In what DeSmog calls a “particularly shocking case,” Belmont County, Ohio “has received more than a third of all natural gas investment in the state, and accounts for more than a third of the state’s gas production,” reporter Nick Cunningham writes. “The industry also accounts for about 60% of the county’s economy. Because of the boom, the county’s GDP grew five times faster than the national rate. And yet, the county saw a 7% decline in jobs and a 2% decline in population over the past decade,” with only about 12% of the capital-intensive industry’s income going into wages and employment—compared to more than 50% across the economy.
DeSmog contrasts the dismal job and population results with what the American Petroleum Institute predicted in 2010—a surge of 211,000 jobs by 2020 in Pennsylvania, and 43,000 in West Virginia. Now, API spokesperson Bethany Aronhalt calls the Ohio River Valley Institute report misleading, but addressed her response to Inside Climate’s questions to the institute’s motivations, rather than its findings.
“While some groups may be focused on pushing their own agendas, our industry is focused on advancing solutions for a cleaner future, delivering affordable, reliable energy, and powering the nation’s economic recovery,” she told ICN in a written statement.
“We think they misunderstood what is happening here,” agreed Ohio Oil and Gas Association spokesperson Mike Chadsey. “They are driving at a narrative that is anti-oil and gas and doesn’t take into account the lower unemployment numbers, the investment numbers, and the 200,000 oil and gas jobs in Ohio.”
Meanwhile, what the region lost in potential job gains, it certainly made up in serious health impacts.

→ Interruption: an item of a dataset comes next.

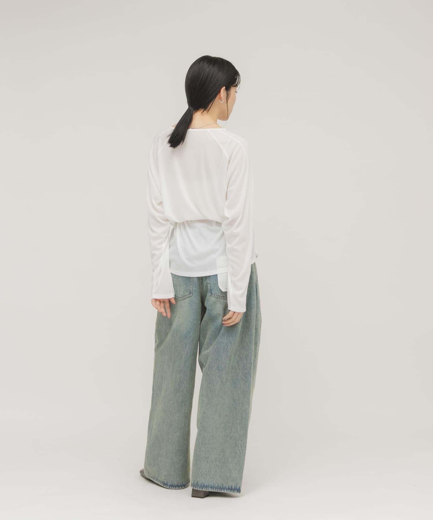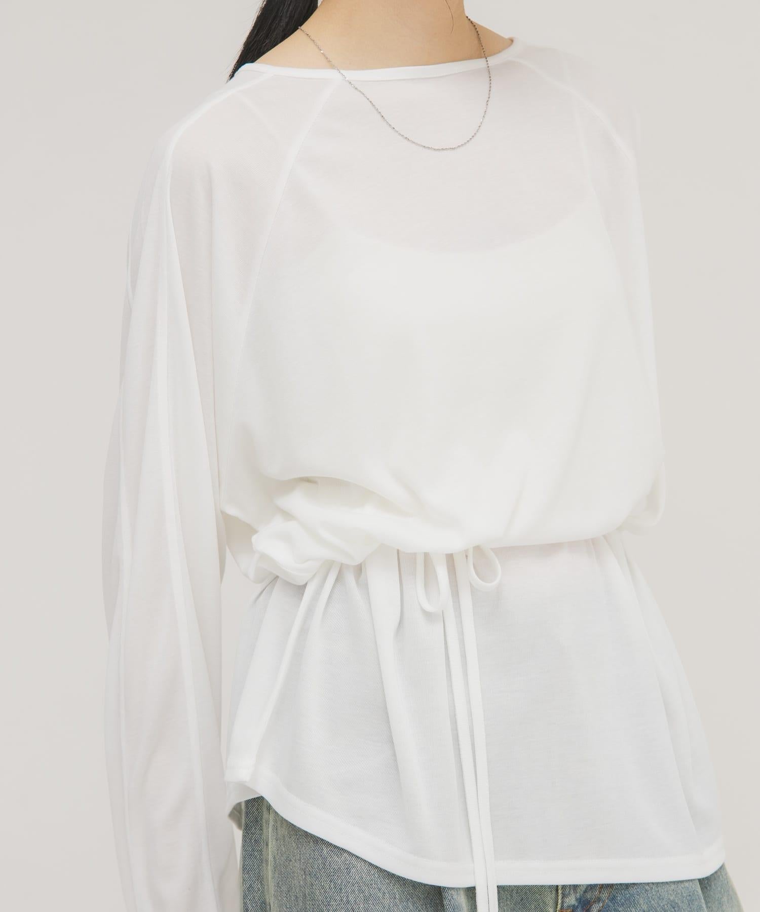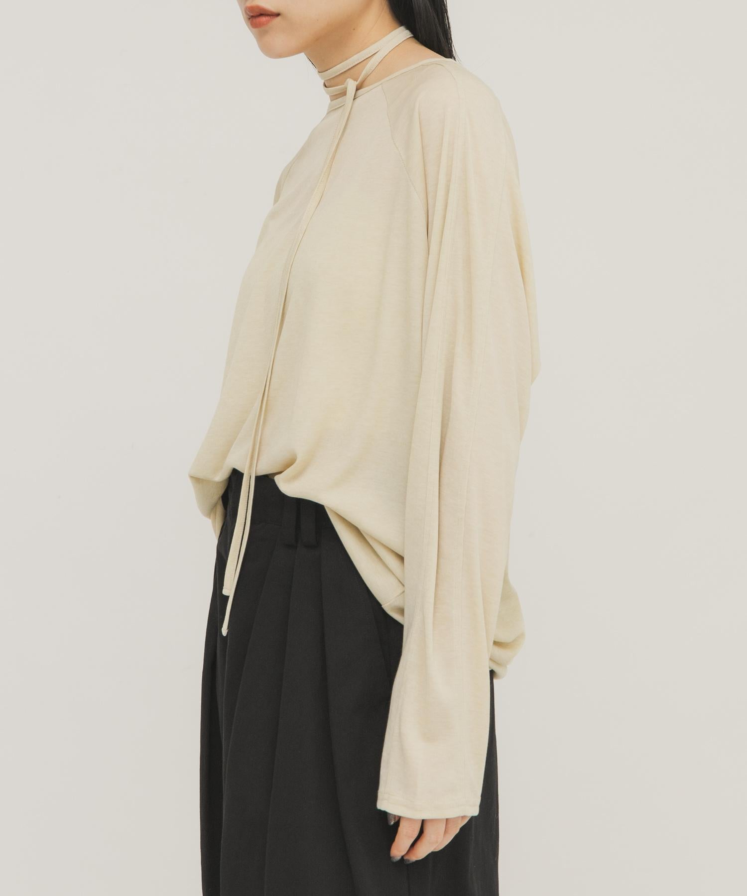 這款單品由一件透視剪接上衣和一組肩帶組成,透視剪接上衣採用輕盈怡人的面料製成。寬鬆的剪裁給人寬鬆的感覺,附帶的肩帶可以纏繞在腰間,也可以像choker一樣穿在身上。它很容易與各種下裝搭配。

“There can be no mistake that the closer people live to shale gas development, the higher their risk for poor health outcomes,” Alison Steele, executive director of the Southwest Pennsylvania Environmental Health Project, told DeSmog. “More than two dozen peer-reviewed epidemiological studies show a correlation between living near shale gas development and a host of health issues, such as worsening asthmas, heart failure hospitalizations, premature births, and babies born with low birth weights and birth defects.”